De leden van de vaste commissie voor Financiën hebben met belangstelling kennisgenomen van uw brief van 31 maart 20173, in reactie op de brief van 2 maart 2017 over de evaluatie van de algemene zorgplicht van financiële dienstverleners. Naar aanleiding van deze brief zouden de leden van de fracties van D66 en de van de PvdA u graag een aantal nadere vragen voorleggen.

De leden van de fracties van D66 en de PvdA hebben kennisgenomen van uw beantwoording van de vragen naar aanleiding van de evaluatie van de algemene zorgplicht van financiële dienstverleners conform artikel 4:24a van de Wet op het financiële toezicht (Wft). Deze leden constateren dat genoemde algemene zorgplicht per 1 januari 2014 van kracht is en dat op grond van het gewijzigd amendement van de leden Aukje de Vries en Koolmees4 binnen drie jaren na inwerkingtreding de doeltreffendheid en effecten van de algemene zorgplicht in de praktijk dienen te worden geëvalueerd. Uit uw antwoord begrijpen deze leden dat er sprake is van een afzonderlijke rapportage in het kader van de genoemde evaluatie. Graag ontvangen zij een afschrift van deze rapportage alsmede van de eventuele bijbehorende bijlagen.

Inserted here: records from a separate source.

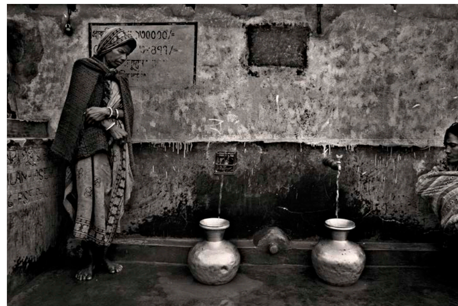
Larmes salées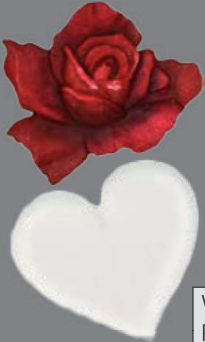
Wachs-Applikation Rose, weißes Herz, Kreuz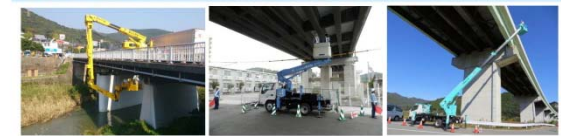
橋梁点検車による点検

◆特殊点検車両や船舶等で、みだんは見えない所も近づいて技術者が近接目視点検しています。

Deze leden nemen voorts kennis van uw mededeling dat door het ontbreken van empirische gegevens het thans niet mogelijk is conclusies te trekken over de doeltreffendheid en effecten van de algemene zorgplicht in de praktijk. Acht u de in de Wft opgenomen algemene zorgplicht in de toekomst wel te evalueren op grond van empirische gegevens? Zo ja, welke indicatoren heeft u dan voor ogen? Zo nee, wat zegt dit naar uw oordeel dan over nut, noodzaak en toetsbaarheid van de algemene zorgplicht in de Wft?

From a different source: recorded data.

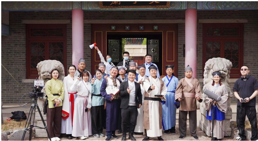
海螺视频团队拍摄税务主题古装穿越剧《信息化办税,财务就是如此简单》剧照。

掌控传媒海螺视频团队是青岛晚报全媒体融合发展打造的新锐团队。团队分为拍摄组、直播组、后台技术组、设计组,采用盒子、帽子设备开展直播+图文+航拍+定制级短视频等多路全媒体全方位报道,近期更将推出高新VR直播视频。团队原创拍摄制作的微电影《礼物》荣获2021年山东省公益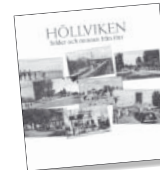
Höllviken – bilder och minnen från förr. Ny upplaga. Pris 140 kr.

Böckerna finns att köpa på biblioteken i Höllviken och Skanör samt på Bärnstensmuseet i Kämpinge, Falsterbo Museum och Turistbyrån vid Falsterbokanalerna samt på ICA-Toppen i Höllviken.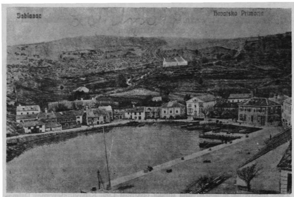
Sl. 11. — Jablanac početkom 20. st.

proces stvaranja Vojne krajine kao zasebne vojne i političke organizacije u Hrvatskoj. 2 Od osnivanja senjske kapetanije morali su Frankopani braniti svoje preostale posjede ne samo od presizanja kralja već i senjskih kapetana. Građani Senja, tog značajnog i izrazito trgovačkog grada, došli su u sukob već s prvim kapetanom Blažom Podmanickim, koji im je nametnuo godišnji danak od 400 zlatnih forinti. Nezadovoljni građani obratili su se vladaru, te ih je on, u namjeri da ih što tješnje veže uz svoje kapetane protiv Frankopana, oslobodio 1471. nametnutog danka i potvrdio njihov statut. 3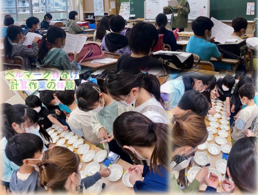
ベルマークの分け 計算作業の体験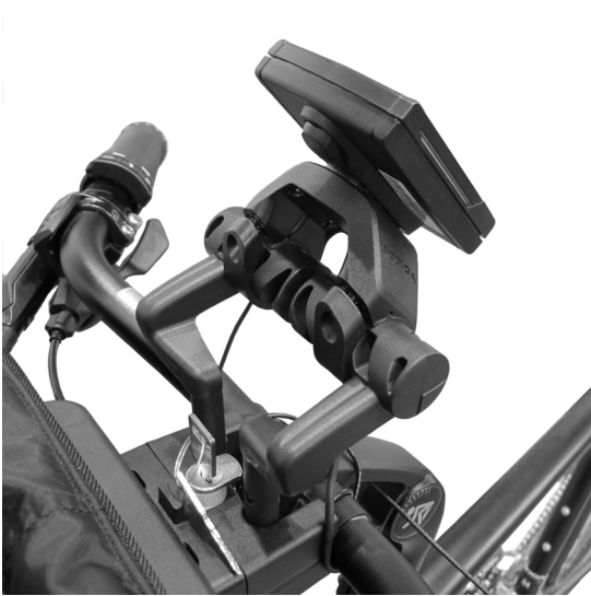
Montage E-Bike Display

Gegeven het feit dat de algemene zorgplicht in de Wft per 1 januari 2014 van kracht is, alsook de wenselijkheid om de doeltreffendheid en effecten van deze bepaling in de praktijk vast te stellen, achten deze leden een grondige evaluatie (mede) op basis van empirische gegevens wenselijk. Zij achten de door u voorgestelde termijn voor een evaluatie in 2022 te lang. Bent u bereid genoemde evaluatie binnen 5 jaar na inwerkingtreding van de wet, dat wil zeggen uiterlijk in 2019, ten uitvoer te brengen en hierover de beide kamers der Staten-Generaal te rapporteren?

De commissie ziet de beantwoording van deze vragen met belangstelling en bij voorkeur binnen vier weken tegemoet.

Voorzitter van de vaste commissie voor Financiën, F.H.G. de Grave

BRIEF VAN DE MINISTER VAN FINANCIËN

Aan de Voorzitter van de Eerste Kamer der Staten-Generaal

Den Haag, 29 mei 2017

Bij brief van 31 maart 2017 heb ik een aantal vragen beantwoord van de fracties van D66 en van de PvdA over de evaluatie van de algemene zorgplicht van financiële dienstverleners zoals neergelegd in artikel 4:24a van de Wet op het financieel toezicht (hierna: de Wft)5. Bij brief van 21 april 2017 heeft uw Kamer mij in dit kader een aantal nadere vragen voorgelegd van de leden van voornoemde fracties. In reactie hierop bericht ik u als volgt.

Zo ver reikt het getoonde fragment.